◆ **Required work**: Copy everything in the listing below word for word, apart from any images.
[Given data — start]
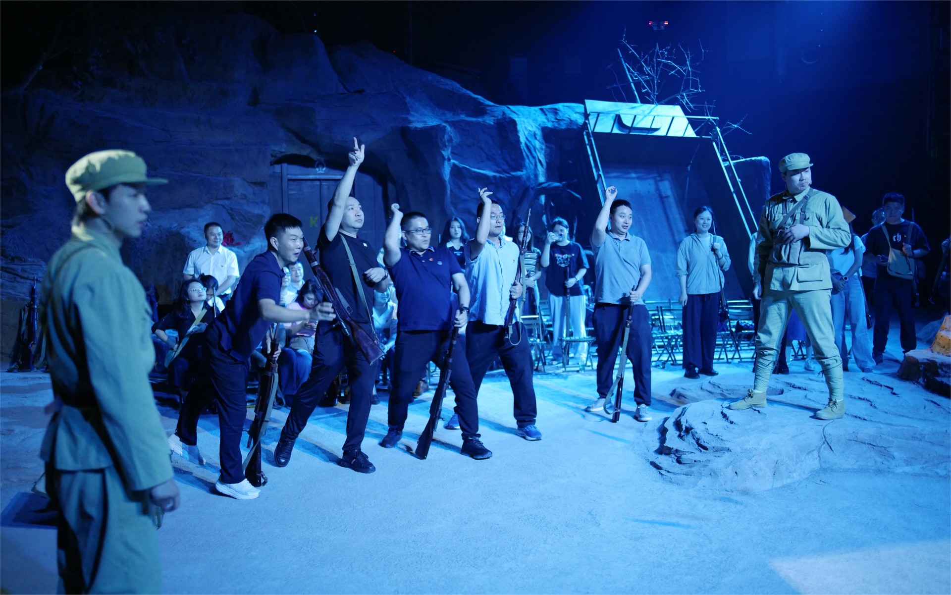 “同志們,你們準(zhǔn)備好了嗎?”“準(zhǔn)備好啦!”參觀完紅色文化長廊,大家整齊列隊進入沉浸式劇場,在充滿歷史感的環(huán)境中,駐足2024、回望1953。通過家鄉(xiāng)話別、寫家書、投擲手榴彈、坑道作戰(zhàn)、運送物資等環(huán)節(jié)沉浸式體驗硝煙彌漫的戰(zhàn)場,先輩們的英勇事跡在全息影像中得以生動還原,每一幀畫面都如同英雄的心跳,激發(fā)著黨員干部內(nèi)心的無尚崇敬和愛國主義情懷。在虛擬與現(xiàn)實交融的舞臺上,大家觸摸歷史的脈搏,集體莊重許下弘揚偉大抗美援朝精神建設(shè)四川水網(wǎng)的莊嚴承諾。
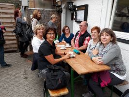 In der Besenwirtschaft war für uns ein gemütlicher Platz im Nebenzimmer reserviert, wo man sich erst einmal mit gutem Wein und leckerem Essen, wie Schweinesteak und –bäckle sowie Wurstsalat, stärkte. Als Erika Wagner dann die ersten Töne mit Ihrem Akkordeon anstimmte, war kein Halten mehr. Es wurde mit viel Einsatz das eine oder andere Volkslied gesungen und der gesamte Besen unterhalten. Als ein Besengast meinte „Chorgesang hätte er sich anders vorgestellt“, lies es sich der Chor nicht nehmen „We shall overcome“ und „Rock for fun“ aus seinem Repertoire zum Besten zu geben. Nun war auch der letzte Besengast überzeugt und es wurden sogar Liedwünsche anderer Gäste erfüllt. Am späten Abend trat die Gruppe wieder die Heimreise mit S-Bahn und Bus an. Danke an Kurt Steimer für die Organisation des tollen Ausfluges. Alle Teilnehmer waren sich einig: „Das muss unbedingt wiederholt werden“!
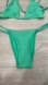 Stylish green textured bikini set. Features a triangle top and matching bottoms. Worn less than 8 times. It is in 8/10 condition. Plastic label for sizing on top is starting to come off.
[Given data — finish]
◆ **Result of the task**:
 “同志們,你們準(zhǔn)備好了嗎?”“準(zhǔn)備好啦!”參觀完紅色文化長廊,大家整齊列隊進入沉浸式劇場,在充滿歷史感的環(huán)境中,駐足2024、回望1953。通過家鄉(xiāng)話別、寫家書、投擲手榴彈、坑道作戰(zhàn)、運送物資等環(huán)節(jié)沉浸式體驗硝煙彌漫的戰(zhàn)場,先輩們的英勇事跡在全息影像中得以生動還原,每一幀畫面都如同英雄的心跳,激發(fā)著黨員干部內(nèi)心的無尚崇敬和愛國主義情懷。在虛擬與現(xiàn)實交融的舞臺上,大家觸摸歷史的脈搏,集體莊重許下弘揚偉大抗美援朝精神建設(shè)四川水網(wǎng)的莊嚴承諾。
 In der Besenwirtschaft war für uns ein gemütlicher Platz im Nebenzimmer reserviert, wo man sich erst einmal mit gutem Wein und leckerem Essen, wie Schweinesteak und –bäckle sowie Wurstsalat, stärkte. Als Erika Wagner dann die ersten Töne mit Ihrem Akkordeon anstimmte, war kein Halten mehr. Es wurde mit viel Einsatz das eine oder andere Volkslied gesungen und der gesamte Besen unterhalten. Als ein Besengast meinte „Chorgesang hätte er sich anders vorgestellt“, lies es sich der Chor nicht nehmen „We shall overcome“ und „Rock for fun“ aus seinem Repertoire zum Besten zu geben. Nun war auch der letzte Besengast überzeugt und es wurden sogar Liedwünsche anderer Gäste erfüllt. Am späten Abend trat die Gruppe wieder die Heimreise mit S-Bahn und Bus an. Danke an Kurt Steimer für die Organisation des tollen Ausfluges. Alle Teilnehmer waren sich einig: „Das muss unbedingt wiederholt werden“!
 Stylish green textured bikini set. Features a triangle top and matching bottoms. Worn less than 8 times. It is in 8/10 condition. Plastic label for sizing on top is starting to come off.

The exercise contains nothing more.